The printer f the present example is a printer for an A4-size (210 mm×297 mm) corresponding to a letter size (about 216 mm×279 mm). That is, the printer basically vertically feeds A4-size sheets (so that the long sides of the sheets are parallel to a conveyance direction), but the printer is also designed to vertically feed letter-size sheets each having a width slightly larger than the A4-size.

Therefore, the largest size (with the large width) of the standard size of the recording material to be printed by the printer (a corresponding sheet size on a catalog) is the letter size.

FIGS. 9A to 9C are diagrams for explaining the structure of a heater. FIG. 9A is a plan view of the heater, FIG. 9B is a sectional view of the heater and FIG. 9C is an enlarged view showing one heat block A1 in a heat generation line A. It is to be noted that each of a heat generating resistor in the heat generation line A and a heat generating resistor in a heat generation line B has a PTC.

The heat generation line A (a first row) includes 20 heat blocks A1 to A20, and the heat blocks A1 to A20 are connected in series. The heat generation line B (a second row) includes 20 heat blocks B1 to B20, and the heat blocks B1 to B20 are connected in series.

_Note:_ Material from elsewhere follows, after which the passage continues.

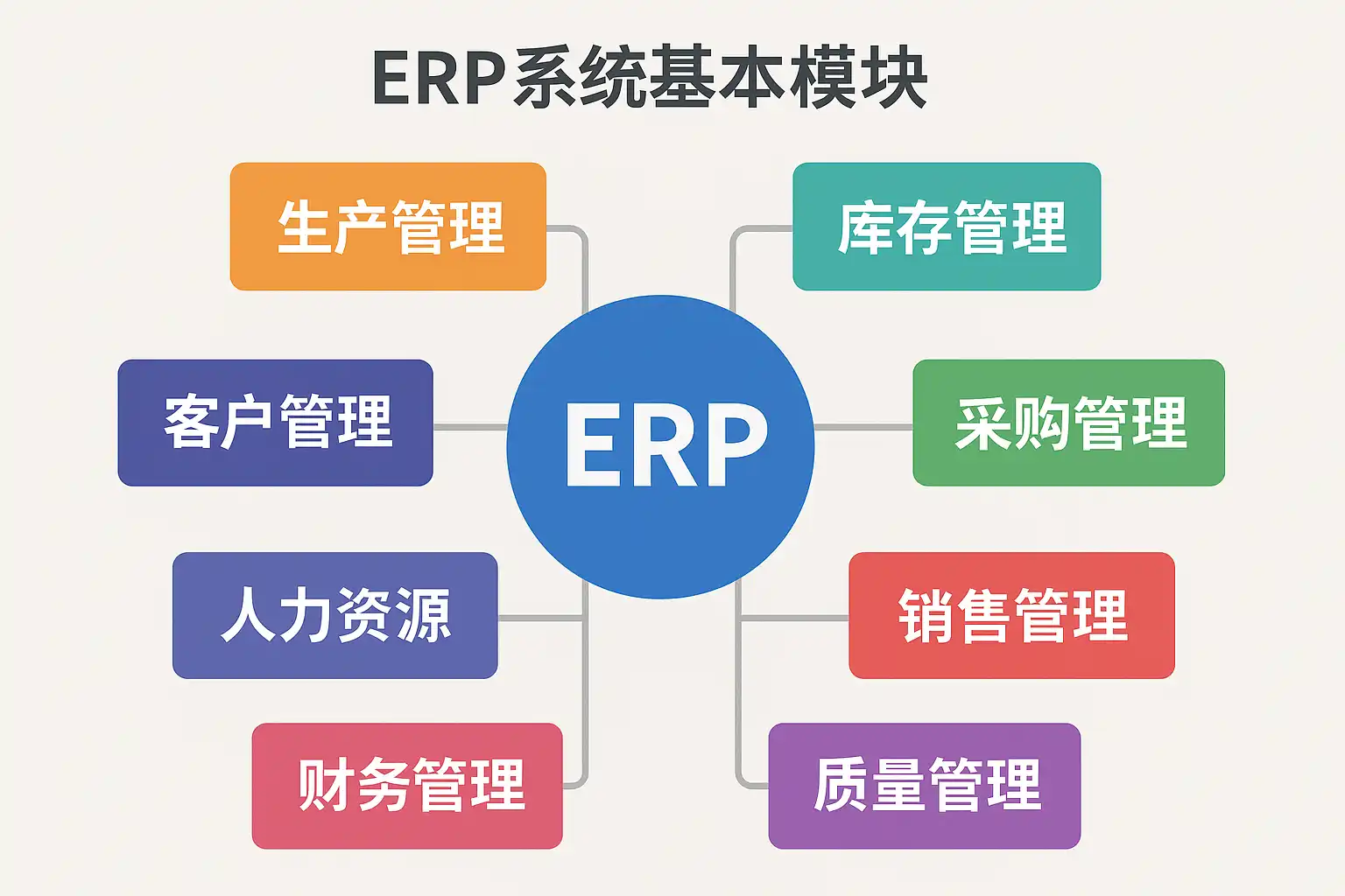 ERP(Enterprise Resource Planning,企业资源计划)系统是一套集成化的信息管理平台,通过不同功能模块协同工作,实现对企业各类资源(人力、资金、物料等)的全面管控。以下是ERP系统中最为常见和基础的功能模块:

Moreover, the heat generation lines A and B are also electrically connected in series. A power is supplied to the heat generation lines A and B from electrodes AE and BE connected to a power supplying connector. The heat generation line A includes a conductive pattern Aa (a first conductive member of the heat generation line A) provided along a substrate longitudinal direction, and a conductive pattern Ab (a second conductive member of the heat generation line A) provided along the substrate longitudinal direction at a position different from that of the conductive pattern Aa in a lateral direction of a substrate. The conductive pattern Aa is divided into eleven patterns (Aa-1 to Aa-11) in the longitudinal direction of the substrate.

The conductive pattern Ab is divided into ten patterns (Ab-1 to Ab-10) in the substrate longitudinal direction. The constitution of the heat generation line B is similar to the heat generation line A, and hence the description thereof is omitted.

FIG. 9B illustrates a sectional view of a heater 200. When the heater 200 is manufactured, first, heat generating resistors A and B are formed on a heater substrate 105. Afterward, conductive patterns Aa, Ab, Ba and Bb are formed. Finally, a surface protective layer 107 is formed.

The heater is formed in such an order. Therefore, as seen from the cross section of the heater in FIG. 9B, the conductive patterns cover the heat generating resistors (FIG. 9B is illustrated in the same heater direction as that of FIG. 1, and hence the subsequently formed layer is shown on the downside).

When the conductive patterns are formed on the heater substrate 105 before the heat generating resistors, a part of each heat generating resistor covers each conductive pattern, and the sectional shape of the heat generating resistor is deformed. The resistance value of the heat generating resistor is proportional to the length thereof, and is inversely proportional to the width thereof. However, when the sectional shape is deformed, a current flowing area in the heat generating resistor varies, and the resistance value suitable for the size of the heat generating resistor is not indicated sometimes (an area seen along the direction of an arrow L in FIG. 9B). Therefore, the resistance value of the heat generating resistor is not easily set to a design value.

However, when the heat generating resistors are formed before the conductive patterns as in the present example, the sectional shape of each heat generating resistor does not vary. Therefore, the present example has a merit that the resistance value of the heat generating resistor is easily set to the design value.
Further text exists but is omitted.